This year was different; stuck to the plan, even though it felt a little slow, and put faith in what my legs are well trained to do with fatigue.

2014-10-26 07.56.22

Other tools in the game-day box: rainbows and a few mantras. This race wasn’t gonna go down without a lot of mental stamina.

Miles 1-8 were pretty unremarkable. We had beautiful fall views throughout Arlington and into Georgetown. It was warming up to the high of 65+ and everyone was happily in summer-style running gear.

A few things have changed since 2012, but the best upgrade was skipping MacArthur and turning right off the Key Bridge. We immediately headed into my stomping grounds: Rock Creek Park. You can’t have a bad run in RCP. The crowds were loud and dense, runners were happy!

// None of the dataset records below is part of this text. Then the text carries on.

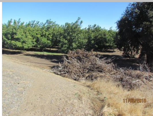
View of the prunings along the landside toe.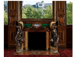
Malachite plated fireplace of the Paiva Hotel, 1856-1866, Paris.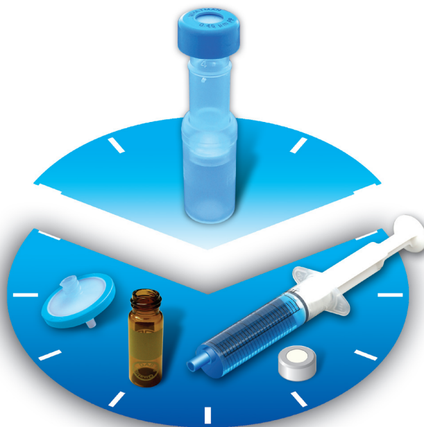
Fig 2. 3 times faster sample preparation combined with reduced solvent usage.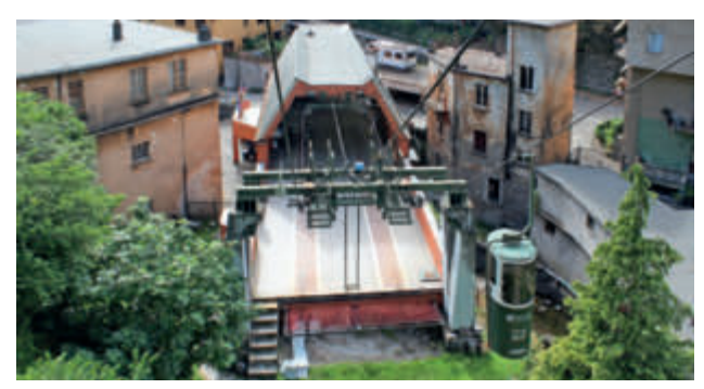
The bottom station is located in the middle of the built-up area of Laveno

early 1980s, when it closed due to a lack of snow. Since 1975 Poggio Sant'Elsa has become a popular take-off point for hang gliders and paragliders.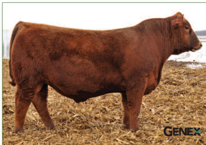
HXC Declaration 5504C Service Sire to Lots 63-64 and sire of Lot 70

BUF CRK CHF 824-1658 MRM 1431 8611 9109 3R 2595 HOB0 133G 3R MS TOUCH 143F 51H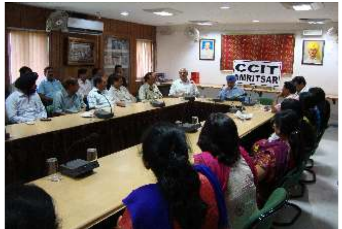
CIT-1 Amritsar having interaction with trainees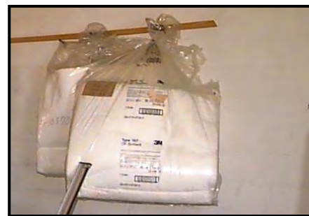
Absorbent pads stored on-site for spill response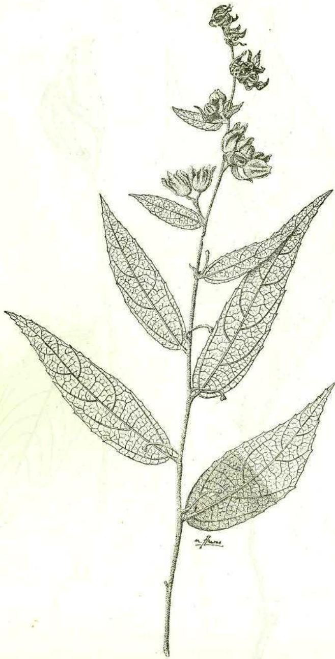
Fig. 4 — Colona grandiflora Kosterm. — Holo-typus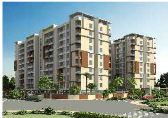
Arihant Legacy | Bilwa, Nr. Chokhi Dhani | Tonk Road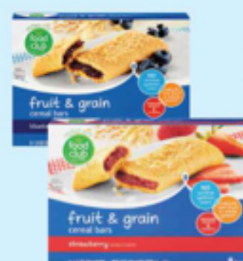
Food Club Fruit & Grain Cereal Bars Select Varieties 8 ct.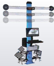
Fox 3D Auto BoomX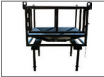
Blastmaster® Heavy-Duty Bulk Bag Rack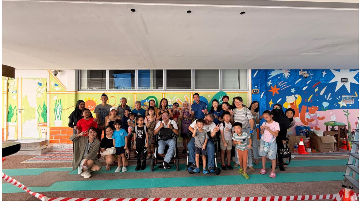
Image Caption: In commemoration of Enabling Village's 10th Anniversary and SG60, over 650 community stakeholders and disability sector members co-created a mural titled 'Garden of Possibilities', symbolising inclusion and the community's collective spirit.

650 community stakeholders and disability sector members co-created a mural titled 'Garden of Possibilities', symbolising inclusion and the community's collective spirit.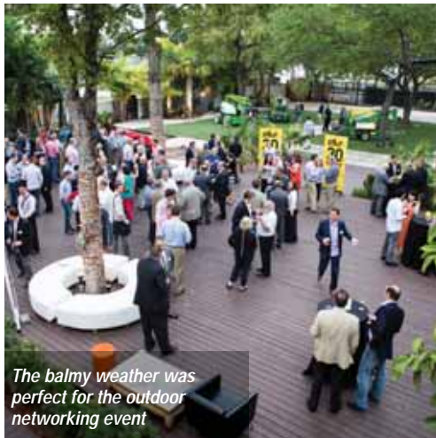
The balmy weather was perfect for the outdoor networking event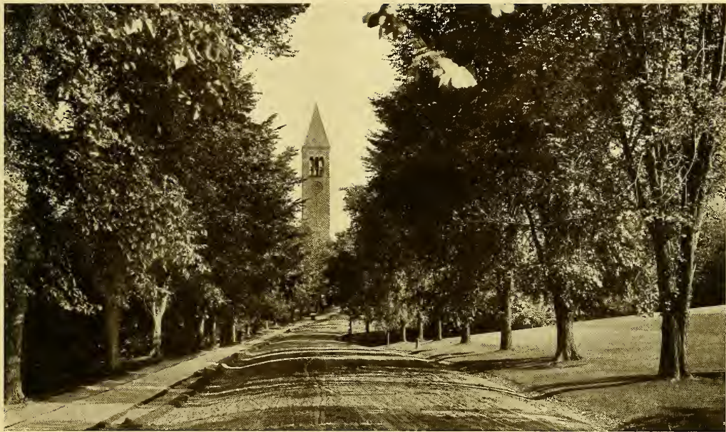
CENTRAL AVENUE LEADING TO QUADRANGLE

Around mile 9 I needed my thoughts to calm down and the pace to feel a little easier. I needed mile 20 to be a little closer*, and I needed to zone out for a little while.

None of that really happened, but somehow I did manage to keep putting one foot in front of the other just fast enough to maintain an 8:00-8:15 pace.  I managed to carefully barrel my mind behind the wall, keeping it with me, not against me.

Choose courageNot comfort. 

MCM 2014_haines pt MCM 2014_mile 17
Photo credit, obviously:

There’s no explaining needed here – I think those faces speak for themselves.  I also think miles 10-17 of most marathons will always fall similarly along the spectrum of “uncomfortable”, no matter how the day is going.

In these moments: Your focus shifts from miles, paces, nutrition and frequency of aid stations to pour all the energy you can mightily muster to shut off the mind. It’s ready to quit long before your legs are trained to.

Right after we passed the Capital I briefly walked through the water station to dump blissfully chilled H2O on my head. That would be the last luxury of a  ‘break’ my legs got.*Kate was waiting for me right where I expected her (mile 19.5), with all the energy she reliably carries on the run.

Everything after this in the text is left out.